Kiru. He had never figured out how his nohecharei decided which of them stayed in his bedroom and which did not, and it seemed somehow rude to ask. “Yes, Kiru Athmaza?” He was careful not to look at her.

“You are not sleeping,” she said, a gently voiced statement of fact.

“We cannot,” he said bleakly. “It is all … If we close our eyes, we see him again.”

“Tethimar.”

“Yes. The look on his face—” He shivered and then found he was unable to stop.

“Serenity?” Kiru’s voice was closer.

“No!” he gasped.
We cannot be your friend.
“We are all right. Just … just cold.”

He could tell by the quality of her silence that she did not believe him, but if there was an advantage to being emperor, it was that she could not call him a liar to his face. He rolled onto his side, facing away from her, and curled himself into the tightest ball he could manage.
Just cold,
he told himself.
Just very cold.

Quietly, Kiru began to sing. Maia didn’t know the song—something about dead women luring faithless lovers to drown in the Tetara—but it didn’t matter. Kiru’s voice was soft and rather rough, but she held strongly to the melody, and the kindness of it made his throat hurt in a way that Min Vechin’s beautiful voice never would. If he made any betraying noises, Kiru gave no sign of hearing, and when he finally fell asleep in the gray stormy daylight that crept around the curtains, she was still singing.

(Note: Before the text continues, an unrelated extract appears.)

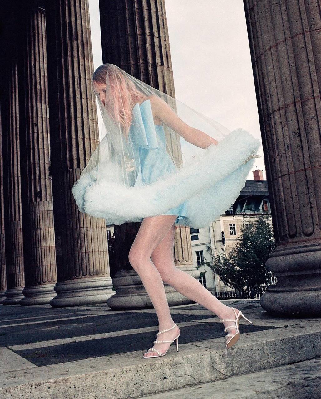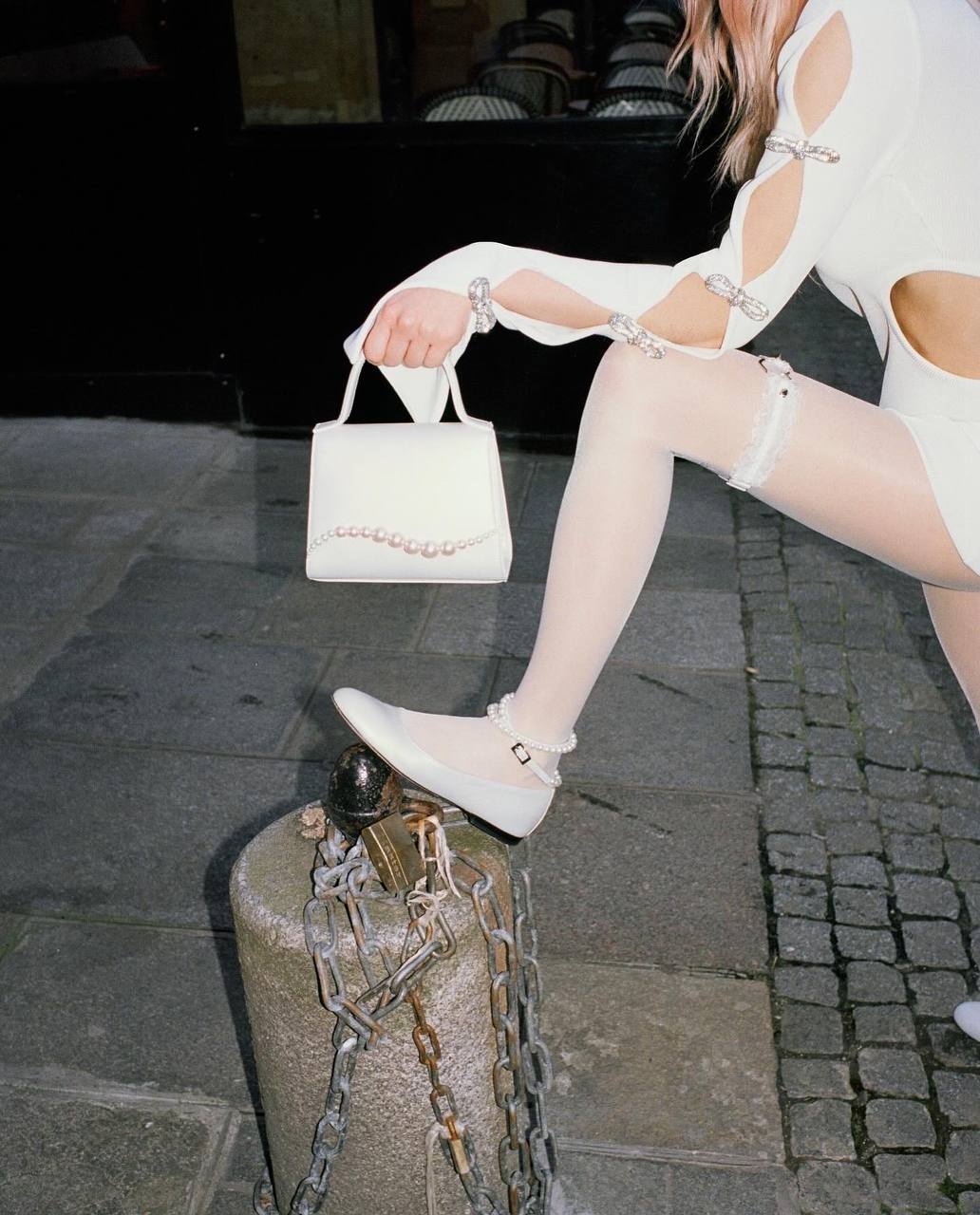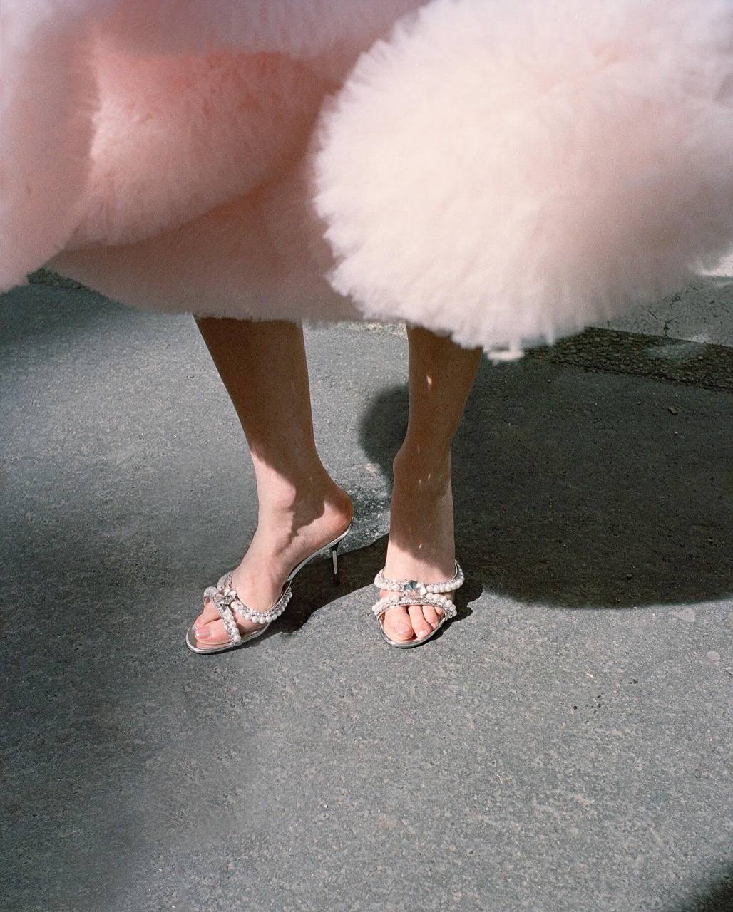 На фоне других брендов MACH & MACH выделяют банты, розовые оттенки, сатин, жемчуг и сверкающие кристаллы. Вот и новая коллекция стала одой максимализму и эстетике барбикор. Съемка была сделана на улицах Парижа. Среди новинок замечены розовые лодочки с объемными бантами, белые балетки, босоножки с жемчужными ремешками и мюли с прозрачным верхом, инкрустированные камнями и жемчугом. Все предметы из коллекции органично впишутся в гардероб современной невесты и точно произведут вау-эффект на гостей свадьбы.
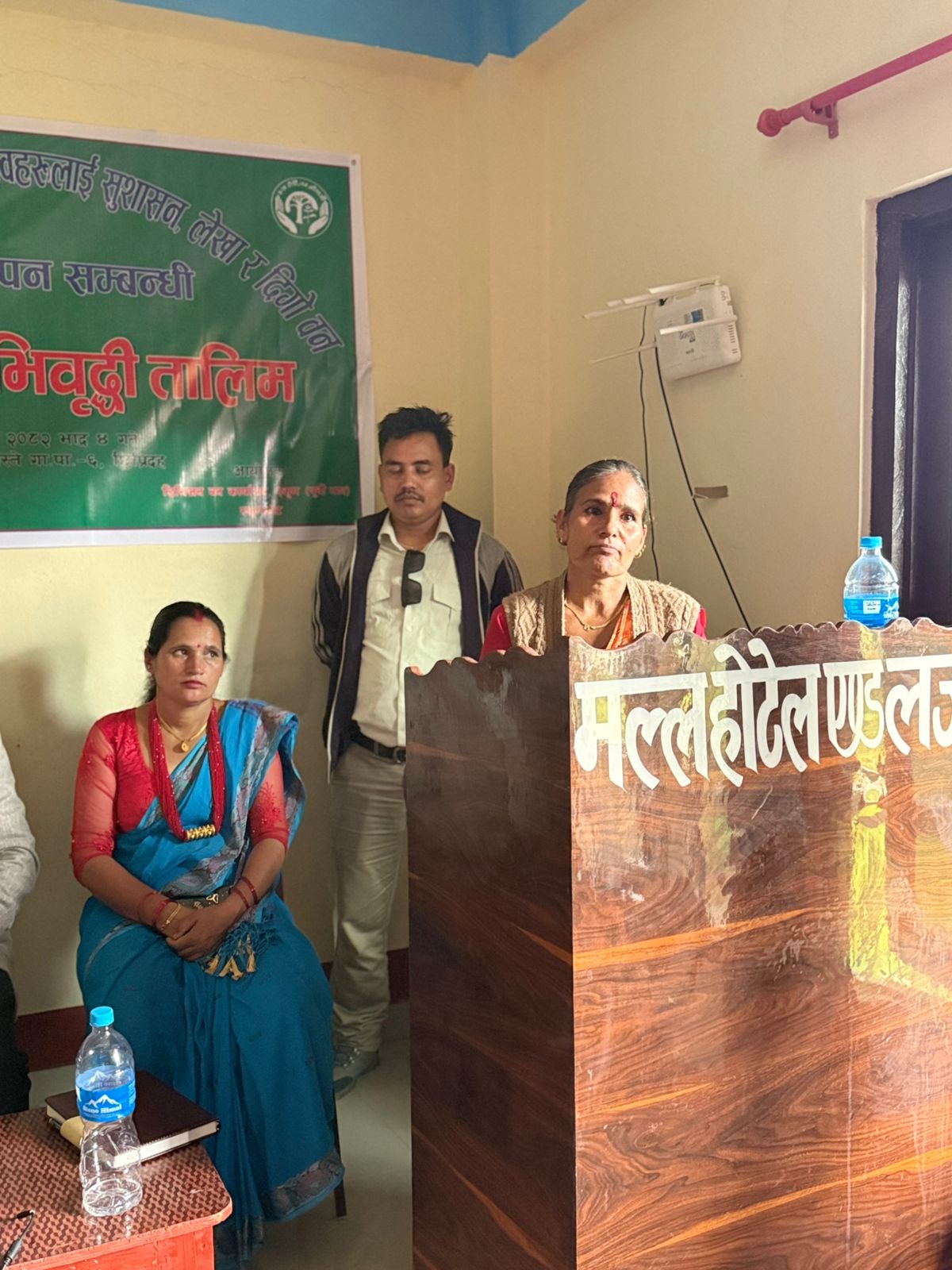 सामुदायिक वनका महिला नेतृत्वलाई सुशासन, लेखा तथा दिगो वन व्यवस्थापन सम्बन्धी क्षमता अभिवृद्धि तालिम ४ भाद्र २०८२ रुकुमकोट

He slept heavily for four hours and woke feeling better than he thought he had any right to. Over a late luncheon, Csevet told him of the progress being made against Tethimar’s conspiracy. Two of the men Ubezhar had named had killed themselves before they could be arrested, but the other four were in custody, and only one, Dach’osmer Veschar, was attempting to claim innocence. Moreover, Mer Celehar had arrived on the noon airship from Amalo and wished to see Maia as soon as possible.

“Did he
say
that?” Maia said before he could stop himself, it being quite contrary to his experience of Thara Celehar.

Csevet cleared his throat. “He is very distressed, Serenity, that he was not fast enough to prevent Dach’osmer Tethimar’s attempt to murder you. We believe that he does, indeed, wish to see you so that he may beg your pardon. Also,” and Csevet was now very carefully not looking at Maia, “we have heard that Csoru Zhasanai has thrown him out.”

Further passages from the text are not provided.